WORK TO COMPLETE:
For this exercise, write out only the lines of the entries below from the one with "Apartmán Piscine, plage" up to and including the one with "a 3d image of", exactly as they are. Pictures stay out.

MATERIAL FOR THE TASK:

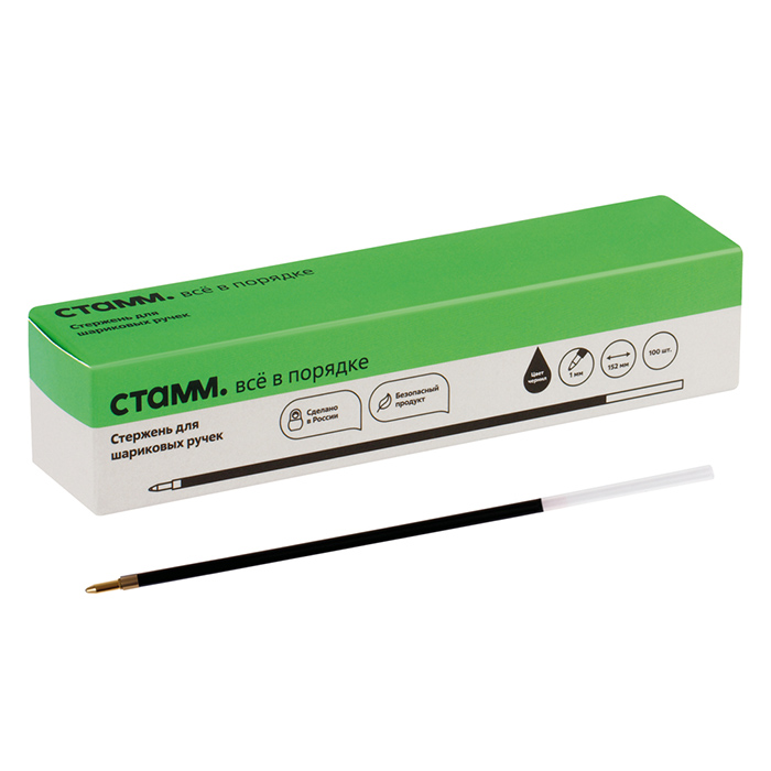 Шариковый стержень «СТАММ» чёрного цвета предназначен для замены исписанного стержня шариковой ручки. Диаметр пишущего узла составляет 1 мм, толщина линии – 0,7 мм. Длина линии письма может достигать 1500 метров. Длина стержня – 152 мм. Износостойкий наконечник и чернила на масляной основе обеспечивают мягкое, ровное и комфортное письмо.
--
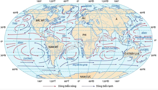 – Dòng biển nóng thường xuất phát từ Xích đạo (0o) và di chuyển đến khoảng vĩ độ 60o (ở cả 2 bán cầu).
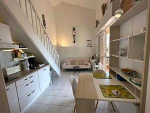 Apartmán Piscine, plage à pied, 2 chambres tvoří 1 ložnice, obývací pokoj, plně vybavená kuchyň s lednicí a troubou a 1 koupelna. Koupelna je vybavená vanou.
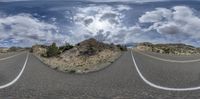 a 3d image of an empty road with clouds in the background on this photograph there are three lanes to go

WRITTEN SOLUTION:
 Apartmán Piscine, plage à pied, 2 chambres tvoří 1 ložnice, obývací pokoj, plně vybavená kuchyň s lednicí a troubou a 1 koupelna. Koupelna je vybavená vanou.
 a 3d image of an empty road with clouds in the background on this photograph there are three lanes to go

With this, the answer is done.